Additionally, APL-1702 incorporates an innovative cold light source technology that enhances treatment comfort by maintaining tissue temperature at the treatment site below 42°C, Clinical data indicate that 97% of patients reported no pain in the cervical treatment area, with no observed cervical structural damage, thereby avoiding the risk of thermal injury associated with conventional photodynamic therapy, minimizing local irritation, and significantly improving overall patient tolerability.
The MAA submitted to the EMA is primarily supported by data from an international, multicenter Phase III clinical trial of APL-1702, which included more than 20% patients from Europe.
The pivotal study results were formally published in December 2025 in Med, a Cell Press journal. The study was led by Academicians Lang Jinghe and Zhu Lan from Peking Union Medical College Hospital, with Professor Peter Hillemanns from Hannover Medical School serving as a senior author.
In addition, the clinical data were disseminated through invited oral presentations at several major international conferences, including the European Research Organization on Genital Infection and Neoplasia (EUROGIN) 2024, the Society of Gynecologic Oncology (SGO) Annual Meeting 2024, and the Photodynamic Therapy & Photodiagnosis Update 2024.

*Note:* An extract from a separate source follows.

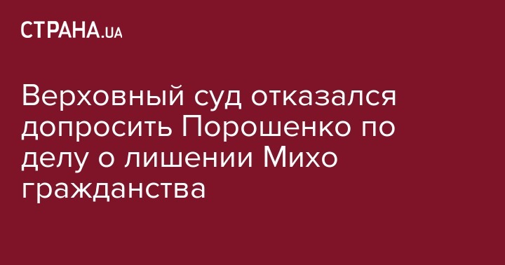 Кассационный административный суд Верховного суда отказался допросить президента Петра Порошенко и бывшего президента Грузии, бывшего губернатора Одесской области, лидера партии "Рух нових сил" Михаила Саакашвили по делу о законности прекращения его украинского гражданства. Об этом сказала председательствующая судья Раиса Ханова, сообщают Украинские Новости.

Further academic exchanges and scientific discussion with basic researchers and clinical specialists from China and abroad took place at the 27th National Clinical Oncology Conference & 2024 CSCO Annual Meeting, the International Papillomavirus Conference (IPVC) 2024, and the 37th Public Health Symposium 2025.

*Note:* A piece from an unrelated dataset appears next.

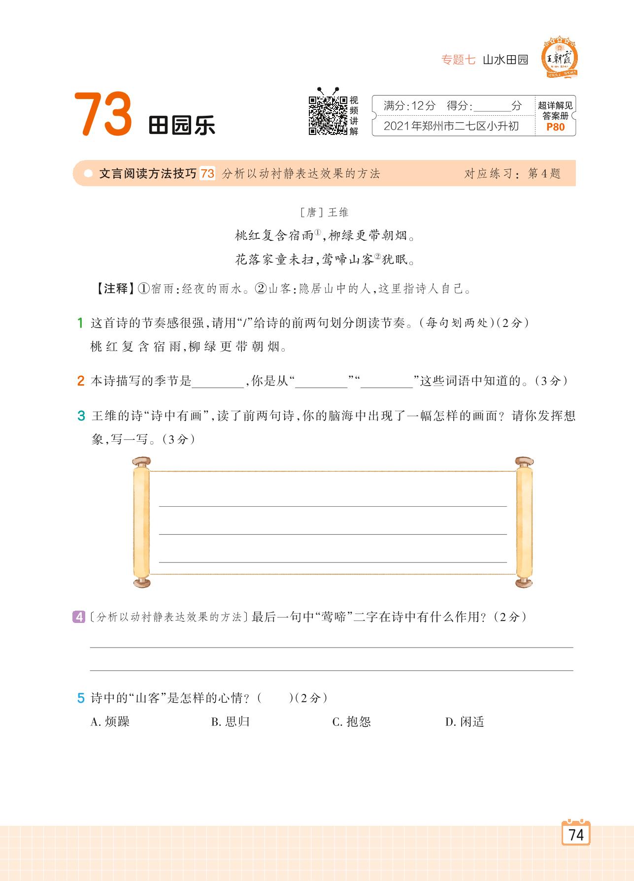 2024全一册六年级语文人教版 专题七 山水田园 73 田园乐

“The acceptance of APL-1702’s European marketing application in Europe further underscores Asieris’ strong and enduring commitment to addressing critical unmet medical needs on a global scale,” said Joanna Zhang, Chief Medical Officer of Asieris Pharmaceuticals. “Building on our deep and proven expertise in the development of drug-device combination products, we have successfully advanced a truly non-invasive, patient-centred therapy from clinical research to the European regulatory review stage. This important milestone validates both our strategic focus and our ability to execute with discipline and rigor.. We remain firmly committed to accelerating the global development of APL-1702, with the goal of bring this transformative treatment option to women worldwide and contributing meaningfully to global efforts toward cervical cancer elimination.”
About Asieris
Asieris Pharmaceuticals(688176.SH), founded in March 2010, is a global biopharma company specializing in discovering, developing and commercializing innovative drugs for the treatment of genitourinary tumors and women’s health. We strive to improve human health to preserve patient’s dignity. We aim to become a global pharma leader that integrates R&D, manufacturing and commercialization in our areas of focus.

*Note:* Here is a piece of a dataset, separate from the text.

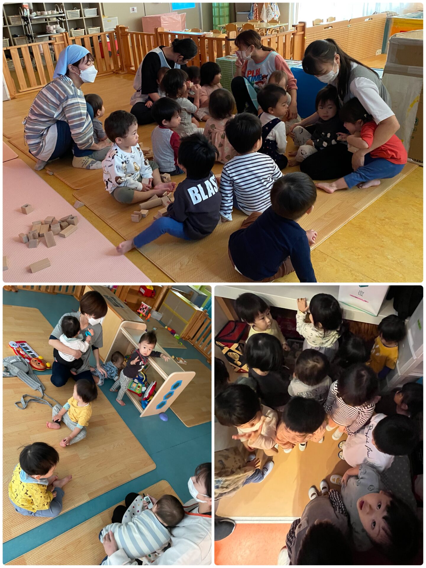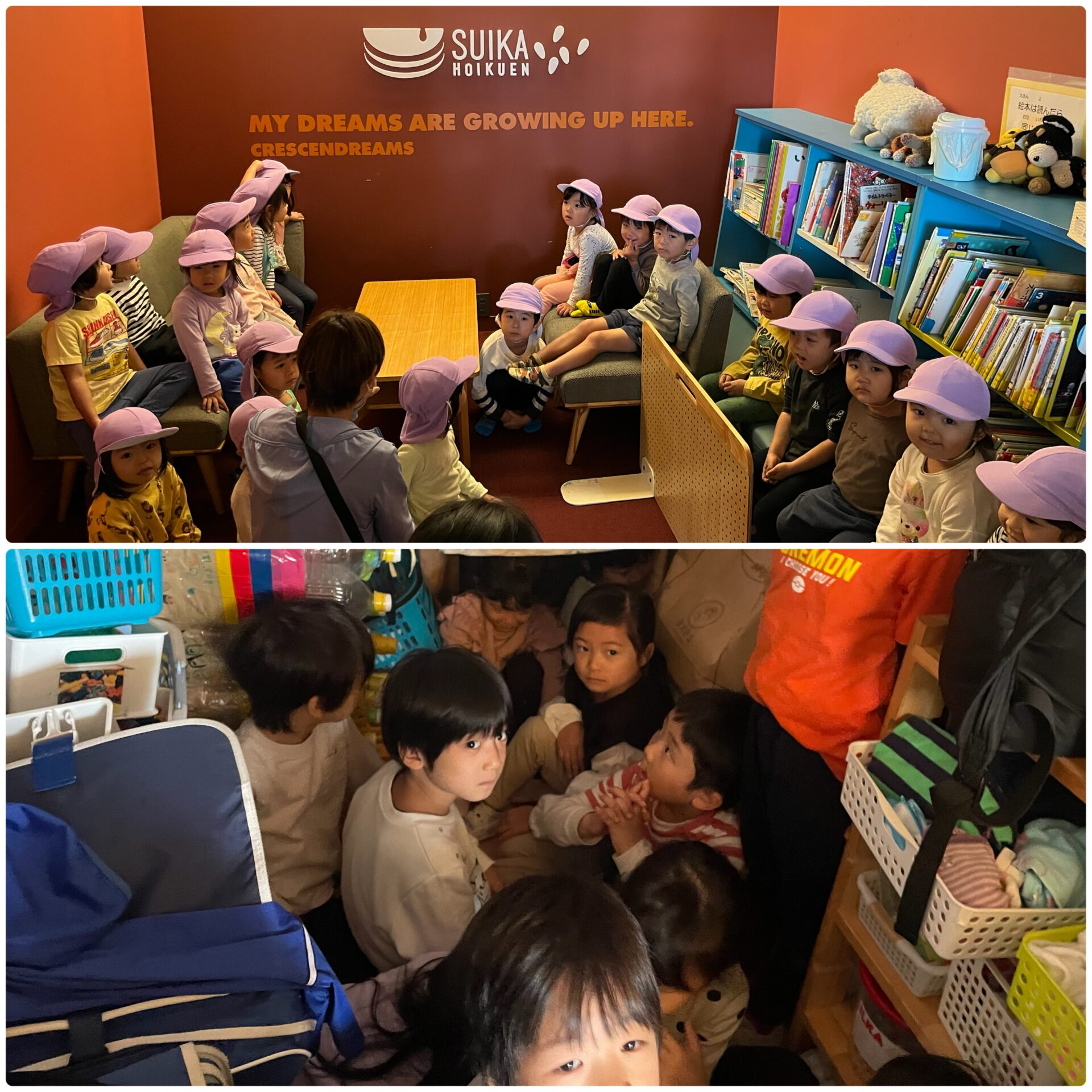 園庭に出ているクラスは、園舎内に入り、近くのお部屋に避難します。

Through proprietary R&D and strategic collaborations, the company is committed to developing first-in-class drugs and other innovative technologies and products that address significant unmet medical needs, building a robust portfolio spanning from disease diagnosis to treatment within its focused therapeutic areas. Driven by patient needs, we are comprehensively advancing Commercialization 2.0 to improve the accessibility and affordability of innovative products, thereby benefiting more patients in China and globally.